Lutter spent years studying how genetic mutations affected binge eating. He found that some people with binge-eating disorder had mutations that affected hunger and fullness cues. He began prescribing the drugs to patients in 2019 when he started his own practice in Plano, Texas.

Dr. Michael Lutter has studied how genetic mutations affect binge eating. PHOTO: NATALIE ROBERSON

“They respond amazingly well,” Lutter said. He starts patients on low doses of the drugs and increases them until the binge eating is brought under control. The goal isn’t weight loss, he said, though patients often lose weight. He said he encourages patients to take the drugs in conjunction with treatment by therapists and dietitians. 

Annie Moody, 17, had been binge eating for years before she was referred to Lutter in 2021. More adolescents are taking medications for weight loss and getting bariatric surgery, measures the American Academy of Pediatrics this year recommended to treat obesity for some children. 
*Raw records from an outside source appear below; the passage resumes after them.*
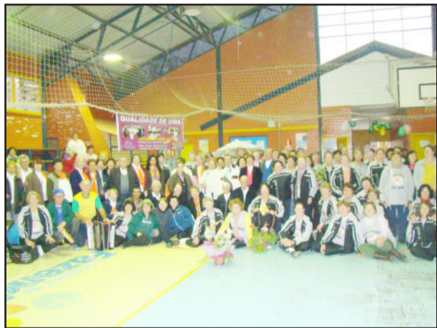
Grupo de Tramandaí

O 6º Encontro de Vivências reuniu mais de 200 pessoas no ginásio de Fazenda Vilanova, na semana passada. Os grupos de ginásticas e caminhadas orientadas do Projeto Esporte em Ação, da Secretaria Municipal da Educação, Cultura e Desporto, receberam a visita do Grupo Renascer de Tramandaí e, mesmo com chuva, a alegria e animação dos participantes foi contagiante.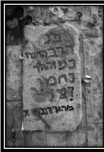
ציון רבי נחמן מהורדנקה זצוק"ל

יום רביעי [ל' סיון] הילולת הגאון רבי שלמה קלוגר זיע"א. יום המישי [א' תמוז] הילולת הצדיק בעל ה'מאור ושמש' זיע"א. יום שישי [ב' תמוז] הילולת הצדיק רבי נחמן מהורדנקה זיע"א.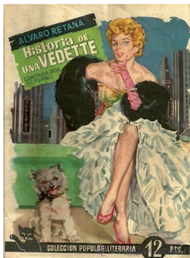
Fig. 5. Historia de una vedette contada por su perro .

Ante la acusación del fiscal de que usaba un copón bendito para beber semen de sus amantes, Retana hace gala de un aplomo y un sentido del humor que jamás le abandonarían y contesta: “Señor, prefiero siempre tomarlo directamente” 16 . Tras aplazar varias veces su ejecución, se le conmutó por treinta años de cárcel, de los que cumplió prácticamente una década; puesto en libertad y recuperado su empleo en el tribunal de cuentas en el año 1957, Álvaro continuó con sus múltiples actividades, que no había abandonado en prisión, e incluso vivió un pequeño renacer con el taquillazo de El último cuplé . También volvió a publicar ensayos sobre el género que tan bien dominaba como: Estrellas del cuplé o Estrellas del arte frívolo , además del ensayo Historia del arte frívolo y una novela de las que tanto gustaban en su juventud, como Historia de una vedette contada por su perro (1954) [Fig. 5], si bien en 1970, habiendo cambiado su más que saqueada mansión, por una humilde buhardilla en el madrileño barrio de San Bernardo, murió –cuentan que asesinado por un chulo– 17 , pero sobre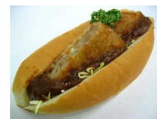
デミグラメンチカツ 205円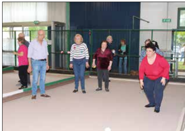
Un tiro per la vittoria.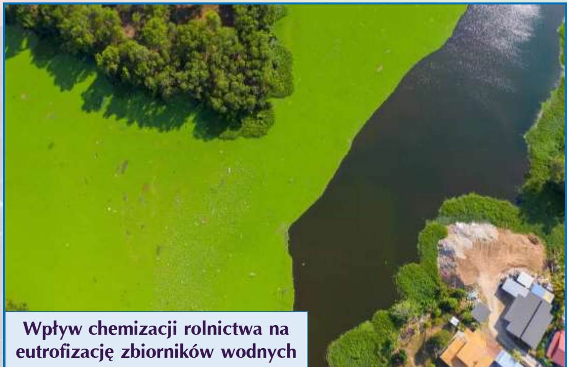
Wpływ chemizacji rolnictwa na eutrofizację zbiorników wodnych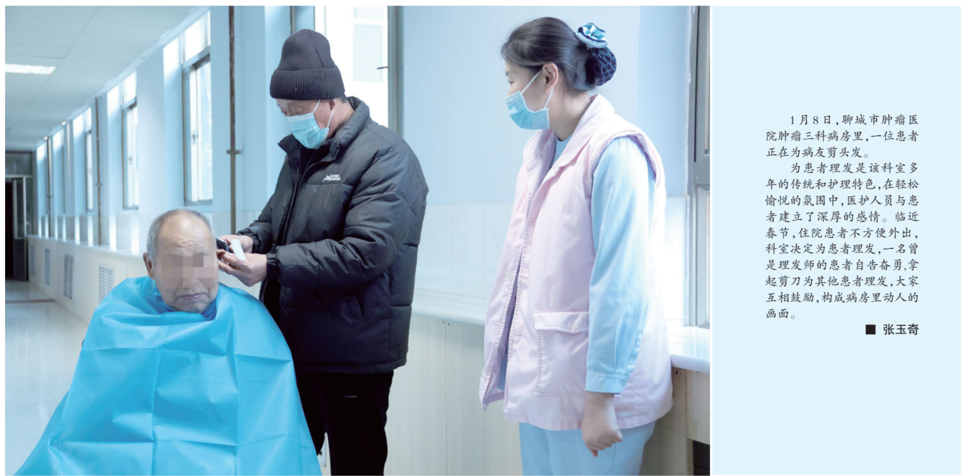
1月8日,聊城市肿瘤医院肿瘤三科病房里,一位患者正在为病友剪头发。为患者理发是该科室多年的传统和护理特色,在轻松愉悦的氛围中,医护人员与患者建立了深厚的感情。临近春节,住院患者不方便外出,科室决定为患者理发,一名曾是理发师的患者自告奋勇,拿起剪刀为其他患者理发,大家互相鼓励,构成病房里动人的画面。

如今,铜城街道社区卫生服务中心建立了一键报警系统、视频监控系统和与公安联网。最小应急单元”由医院保卫干部牵头,年轻工作人员为主力成员,为群众就医安全提供了保障。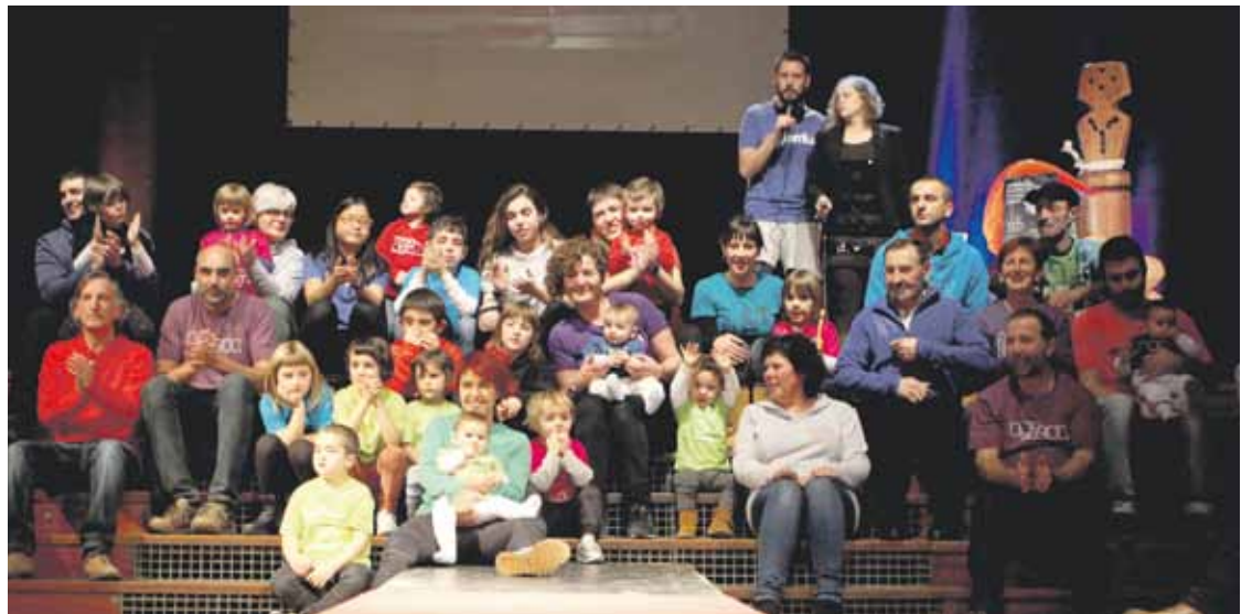
Hainbat euskaltzalek parte hartu zuten desfilean.

Otxandioko kasua kenduta, Durangaldetik apirilaren 7an pasatuko da Korrika; Zornotzan 17:00 inguruan sartuko da, eta 22:00etan Mallabitik irtengo da. Korrikak beste hainbat ekitaldi ere ekartzen ditu beragaz; esaterako, afari herrikoia egingo da Durangoko Plateruenean.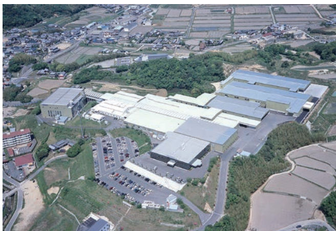
当社五色工場の全景

★IT事業 コインロッカーの鍵として携帯電話番号やICカード等が使用できる機能や、荷物の受け渡しができる機能等を持った次世代型ロッカーの開発・製造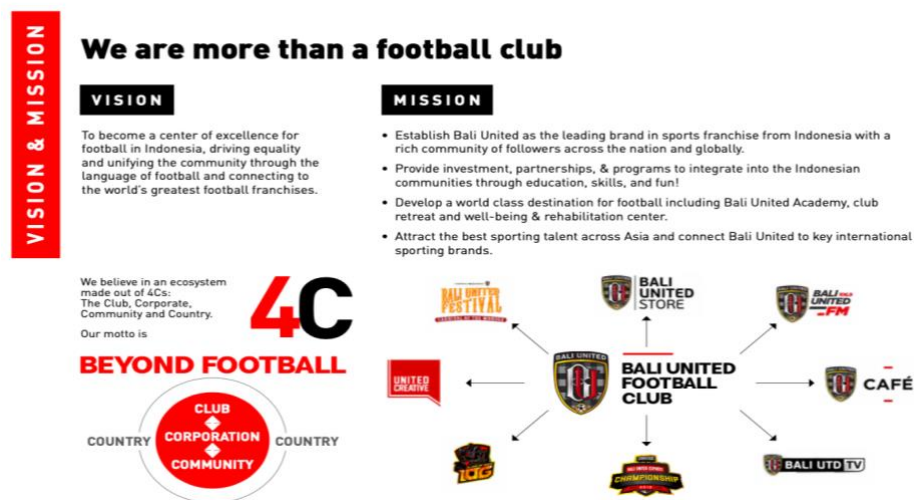
Gambar 2.6 Visi dan Misi Perusahaan

Bali United memiliki visi untuk menjadi pusat keunggulan dalam dunia sepak bola Indonesia yang mendorong kesetaraan dan menyatukan masyarakat melalui bahasa dan budaya sepakbola. Bali United Football juga menyediakan investasi, kemitraan dan program untuk komunitas melalui olahraga, pendidikan, keterampilan dan kesenangan. Bali United Academy dan banyak kemitraan yang terjalin bersama perusahaan kecil hingga besar, serta pengembangan pemain dan juga tim sepak bola ke kelas dunia merupakan contoh misi yang diterapkan oleh Bali United Football.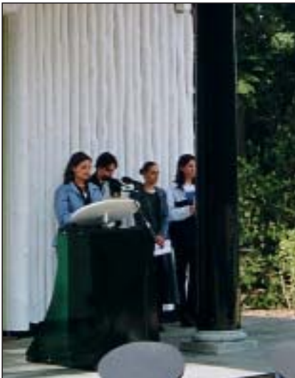
Declamaties door leerlingen van de Koninklijke Scholengemeenschap Apeldoorn.

Niemand naast me, voor of achter vrijheid is met niemand iets te maken hebben. Ja toch? Niet dan?"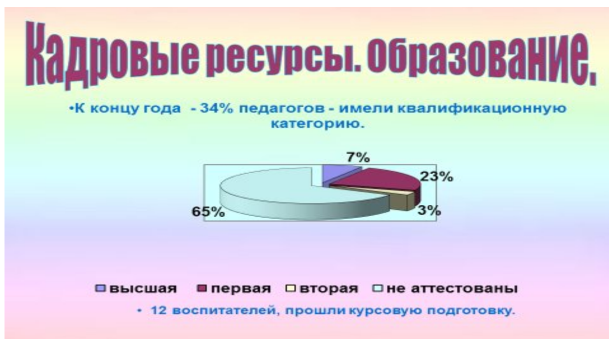
Рисунок 3 «Характеристика педагогических кадров по категориям»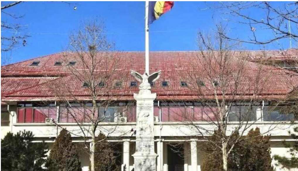
Judec?toria cornetu cornetu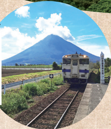
JR日本最南端的车站 西大山站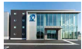
倉谷アルミ工作所(富山県)

P037 (商業・事業施設) ZEBセミナー開催によるZEBの理解促進と普及・拡大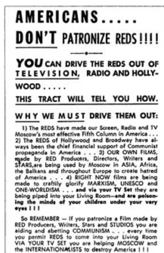
Фото 6. Листівка AMERICANS.... DON'T PATRONIZE REDS!!!!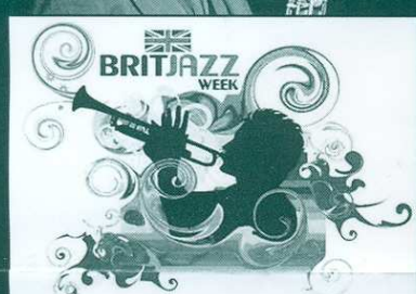
Lee Konitz New Quartet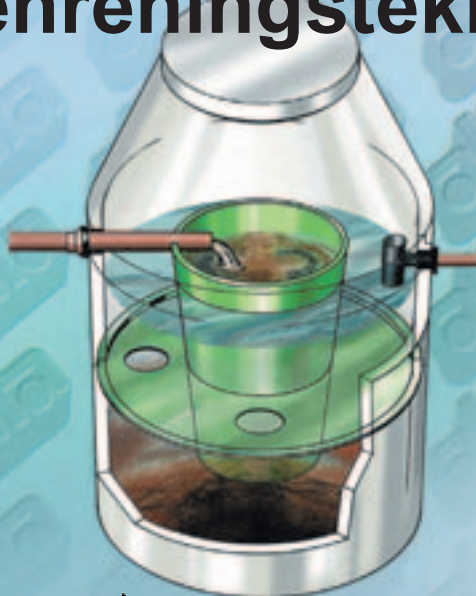
▲ BAGA patenterade slamavskiljare med exceptionell hög avskiljningsförmåga

Lutter diagnosed her with binge-eating disorder and tried prescribing a couple of drugs that didn’t work, including an ADHD drug FDA-approved to treat binge eating and an appetite suppressant. In January, he prescribed a low dose of semaglutide, which she gets from a compounding pharmacy in Frisco, Texas. Moody’s family pays about $180 for a three-month supply. 

Food used to take up all her thoughts, she said. When she wasn’t eating, she was obsessing over what she would eat next. When she ate, she lost control, eating until she felt sick. That has all changed on semaglutide, she said: “I can think about other things now.”

Prescribing weight-loss drugs to treat eating disorders without a robust therapy requirement could be dangerous, several eating-disorder specialists said. Effective treatment for binge eating requires helping patients recognize innate hunger and fullness cues, said Dr. Holly Peek, assistant medical director of the Klarman Eating Disorders Center at McLean Hospital in Belmont, Mass. “It’s missing the forest for the trees,” she said.

Dr. Susan McElroy, a psychiatrist and chief research officer at the Lindner Center of HOPE in Ohio, prescribes GLP-1 drugs for patients with binge eating, together with therapy and the oversight of eating-disorder specialists. She also monitors patients’ weight, eating patterns and lab results. “These drugs can work when nothing else has worked,” McElroy said.

Lutter said the semaglutide and similar drugs he prescribes aren’t meant to replace therapy. Patients can go back to their dietitian or therapist if their binge eating resumes, he said. 

Moody and Ireland said they don’t feel they need the support of therapists or dietitians anymore. Both expect to be on the drug indefinitely. 

“It’s a huge part of me,” Ireland said.